Wednesday, May 20, 2020

Gave trusty old Acer desktop a new lease on life. I will need it to take over the world. New motherboard with AMD A-10 7600 quad core processor, because - taking over the world. 16 Gigs of RAM because - taking over the world. 5 terrabytes of HD space, because - taking over the world. Bluetooth because I'll want to jam out while I take over the world. HDMI becaiuse I'll want to watch cartoons on the big screen while I take over the world. Gigabit LAN so I can connect to my media server really fast to jam out while I take over the world.

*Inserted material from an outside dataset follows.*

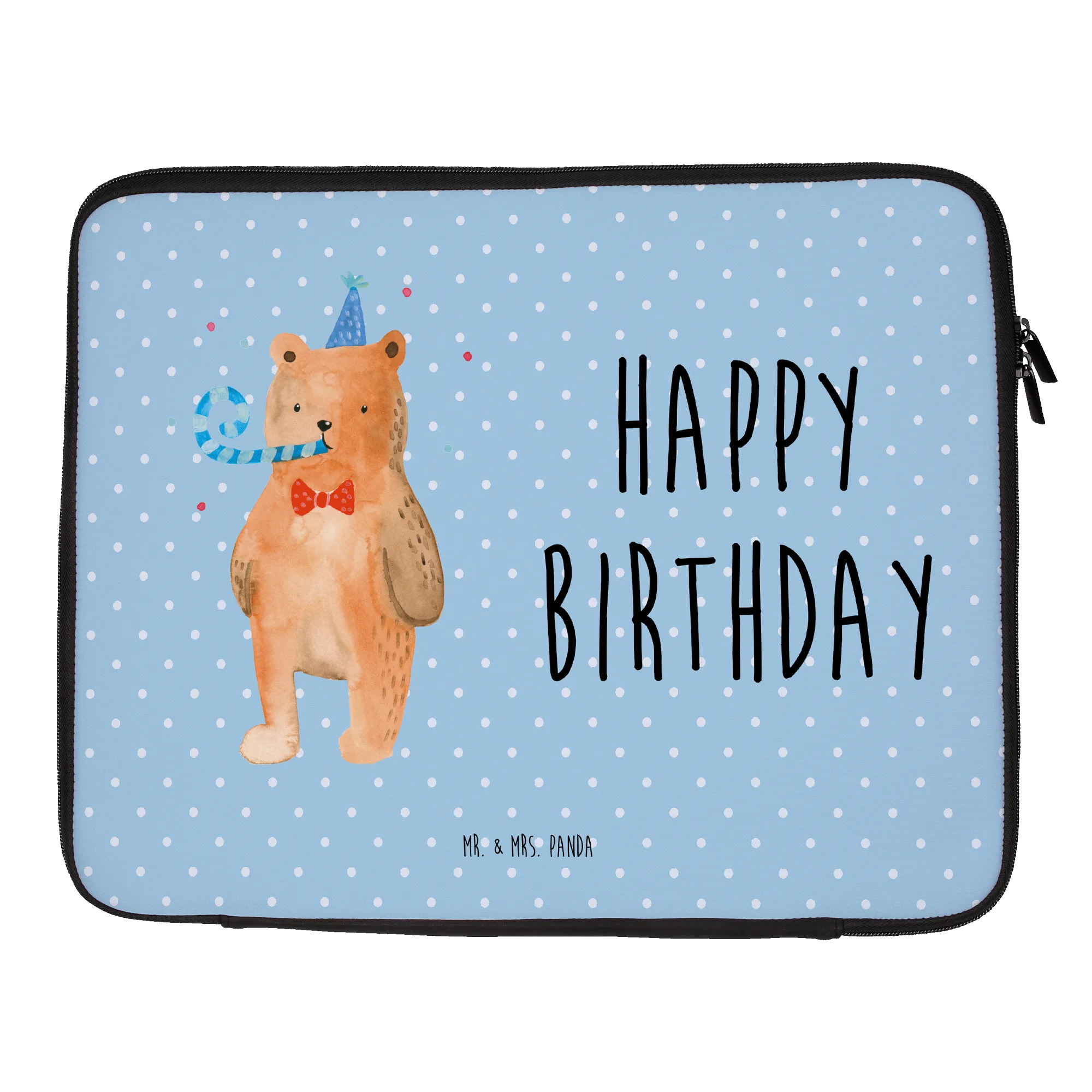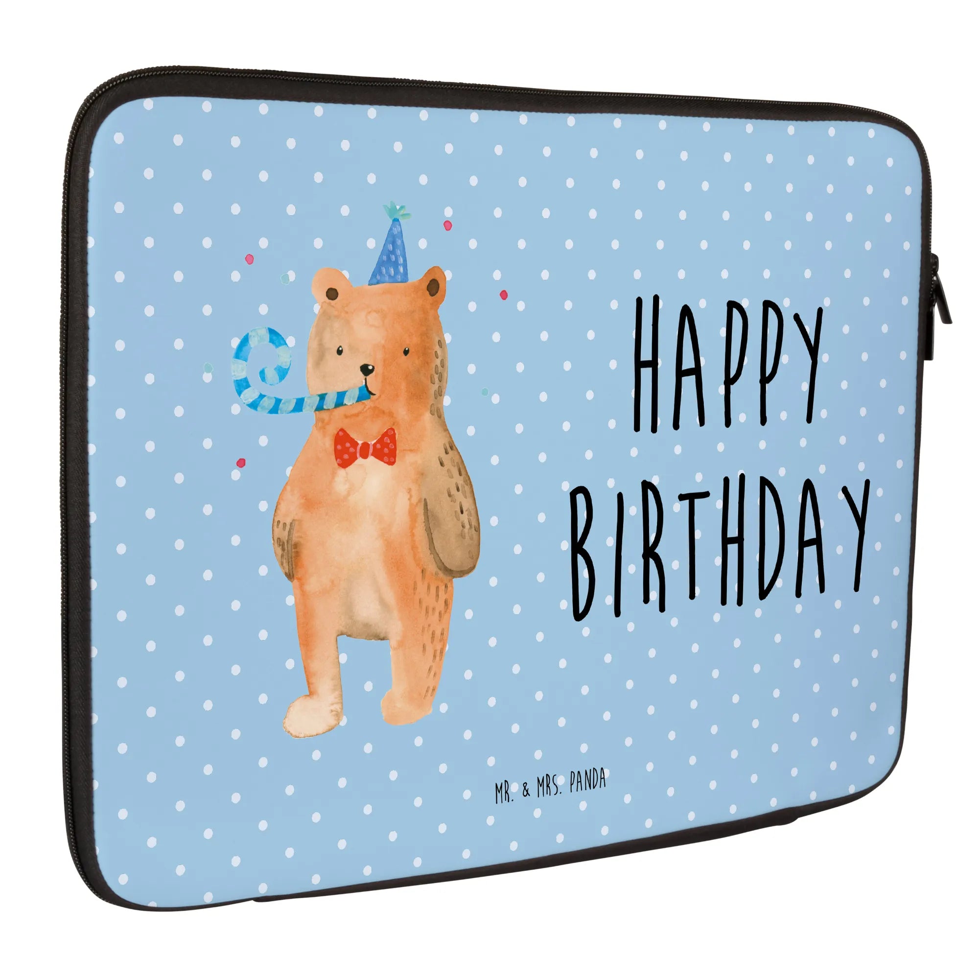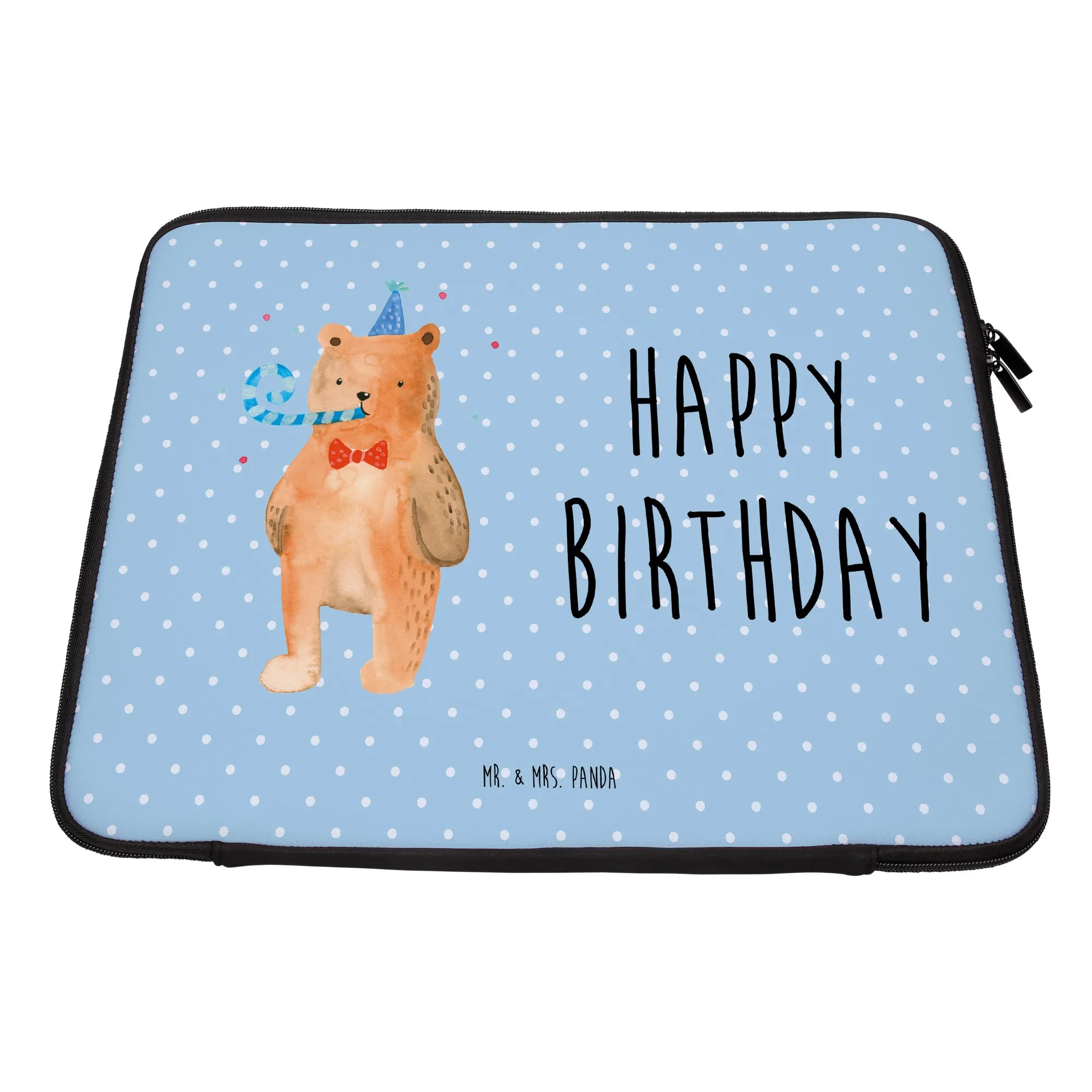 Mach das nächste Geburtstagskind glücklich mit dieser originellen Notebook Tasche. Du wirst sehen, wie sehr sie sich darüber freuen, wenn sie ihre neue Tasche auspacken. Beeindrucke deine Freunde mit Stil und Funktionalität und gib ihnen ein Geschenk, das sie wirklich verwenden können. Und wie immer, bei Mr. & Mrs. Panda steckt in jedem Produkt Liebe und Leidenschaft, sodass du sicher sein kannst, dass du einen besonderen Artikel verschenken oder selbst behalten wirst. Pflegeleicht, ideal mit einem feuchten Tuch abwischbar und nicht maschinenwaschbar, ist die Tasche alles, was man sich wünschen kann. Hol' dir jetzt die "Birthday Bär" Notebook Tasche und feiere stilvoll!

Ability to boot Windows or Linux because it's cool and - well, I might not need it to take over the world but it's just friggin' cool. .All for about 50 bucks because I got used and hand-me-down parts, because it's kind of expensive to take over the world. I'll let you know when it shits itself and/or explodes.

Naughty words:
Friggin'
Shits

Tuesday, May 5, 2020

May 5th, Cinco de Mayo. Or as I like to call it Melvin Liberation day. On this day in 2009 at 11:20 in the morning I walked out of my place of work for the last time. 

My coworkers and all of the other employees did not take the news well. They could be heard crying and wailing and begging God to allow the mountains to fall down upon them. They could be seen writhing on the floor, striking their heads against the walls, biting each other, and reaching a state of catatonia. It was a pitiful scene of devastation and human suffering. I hope that by now they have all made at least a partial recovery.

So, today marks 11 years of being completely useless. Now before anyone starts to object to the term 'useless', and starts scolding about how I am not useless, but I am a glowing example of human awesomeness, a wonderful example of all that is good and kind in the world, that my life has value beyond measure, and everybody who knows me or meets me comes away a better man or woman for it, allow me to say, yes, yes I know.

Now the term useless as used in the narrative above is not a bad thing. It's a good thing. A noble pursuit. To sit on one's ass and do little to nothing is quite an accomplishment in a world where people have to interact with others, engage in gainful employment, wear pants, limit time wasted on the internet, close the bathroom door, subject their bodies to the effects of sunlight and fresh air, endeavor to not fart on others either accidentally or otherwise, or any of the other shitstains on Humanity that can be construed as useful. So yes, uselessness is an aspiration. A lifestyle. A lifestyle that does not suck.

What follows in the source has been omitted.